Non-participation documentation:
Demographic characteristics and reasons for ineligibility and/or declining trial
participation will be recorded for patients who are asked to participate but do not enroll in
the study. Those who decline participation will be invited to fill out the demographic form
so data can be gathered on non-participation. Data will be used to evaluate possible
selection bias to inform interpretation of study findings.

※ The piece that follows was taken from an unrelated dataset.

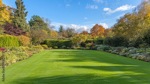 garden, lawn, greenery, tree, flower, landscape, nature, park, fall, sunlight, beautiful, serene, colourful, season, scenic, tranquil, leaf, sky, blue, vibrant, foliage, shrub, hedge, plant, growth, farming, environment, relaxation, peaceful, view, blossom, fresh, seasonal, idylli, sunshine, scenery, bright, earth, gardening, element, natural, rural, horizon, daylight, calmness, rich, expansive
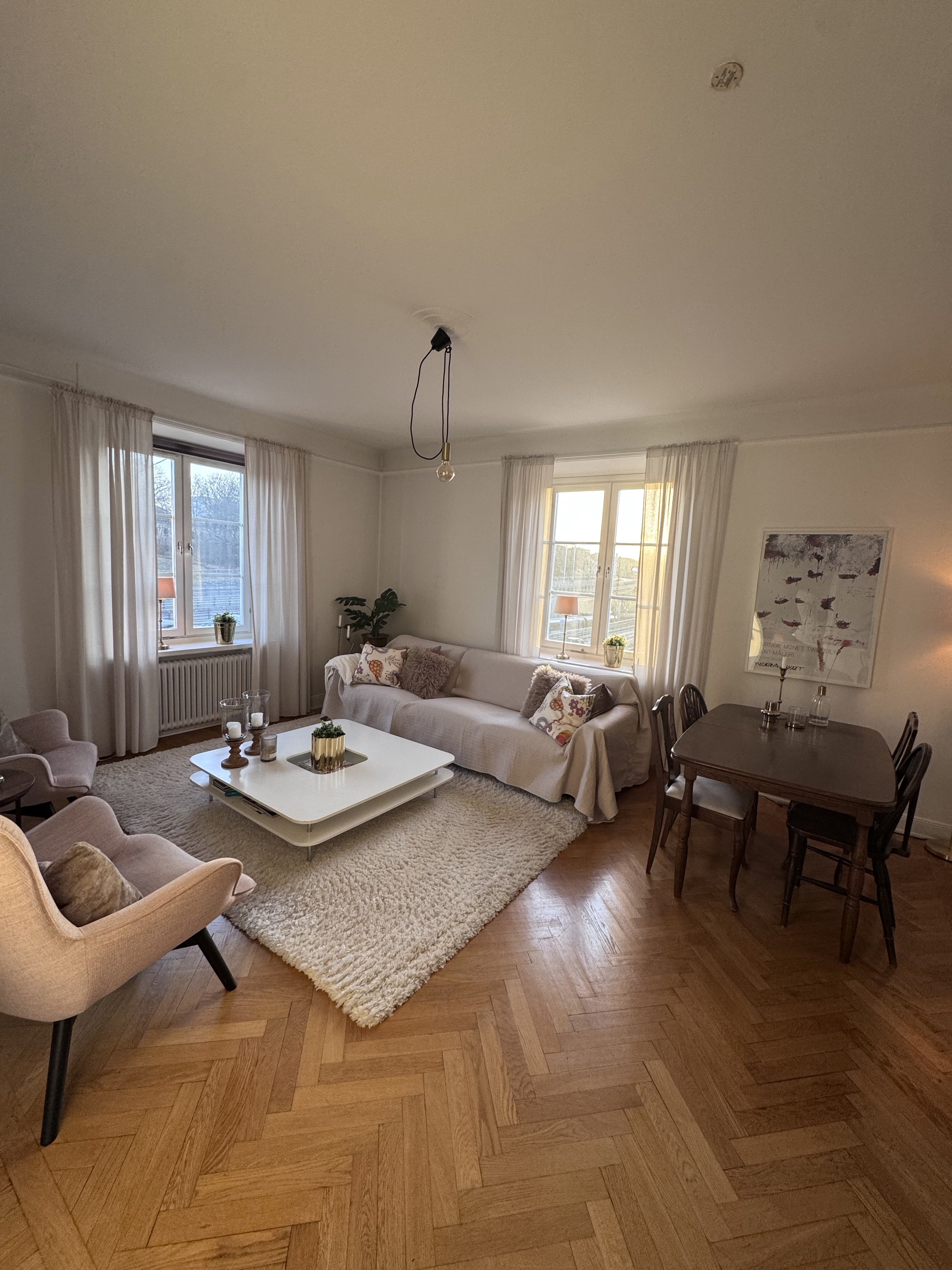 Fastighet m byggår ca 1920, 3,5 rum om 104 kvm Nära till Thorildsplans tunnelbana. Uthyres ett år för att jag ska prova att bo ihop med min pojkvän. En ljus och härlig lägenhet med stora fönster med djupa nischer, sol från morgon till kväll, takhöjd på 270 cm och parkettgolv. Tre stora rum med utsikt över Rålambshovsparken samt mot Thorildsplan gymnasium. Välkomnande entré som leder in till en möblerbar hall med öppen spis, i dagsläget med eldningsförbud. Serveringsgång med originaldetaljer bevarade, kök med plats för bord m 4 stolar i en söt alkov. Gasspis, kök från 50-tal? 3 stora skafferier, nytt kyl-och frys samt diskmaskin. Öppna spisen har tyvärr eldningsförbud nu men vi har ljus som brinner vackert så den smyckar lägenheten. Värden måste renovera den och vi har inte fått någon tidplan. I hyran ingår gas, el och wi-fi

Statistical power and sample size:
Based on screening 12,000 women, and a 12% estimate of HPV positivity to either ScreenFire
HPV in self-collected samples or careHPV in provider-collected samples, the investigators
expect 1,440 HPV+ women. Assuming a 90% retention from HPV screening to colposcopy, 1,296 are
expected to have colposcopy-directed biopsy results. Based on our previous work with HPV+
women in El Salvador,45 the investigators conservatively estimate 10% CIN2+ prevalence among
HPV+ women and 130 CIN2+ cases. There is 80% power to detect a 5% difference in sensitivity
of ScreenFire self-collection for CIN2+ detection versus careHPV provider collection (88% vs
93%) at a significance level 0.05. That is, there will be sufficient power to determine that
the sensitivity of ScreenFire self-collection for CIN2+ is higher than careHPV
provider-collection. There is an 80% power to detect a 4% difference in specificity of
ScreenFire self-collection for CIN2+ detection versus careHPV provider-collection (84% vs
88%) at a significance level of 0.05.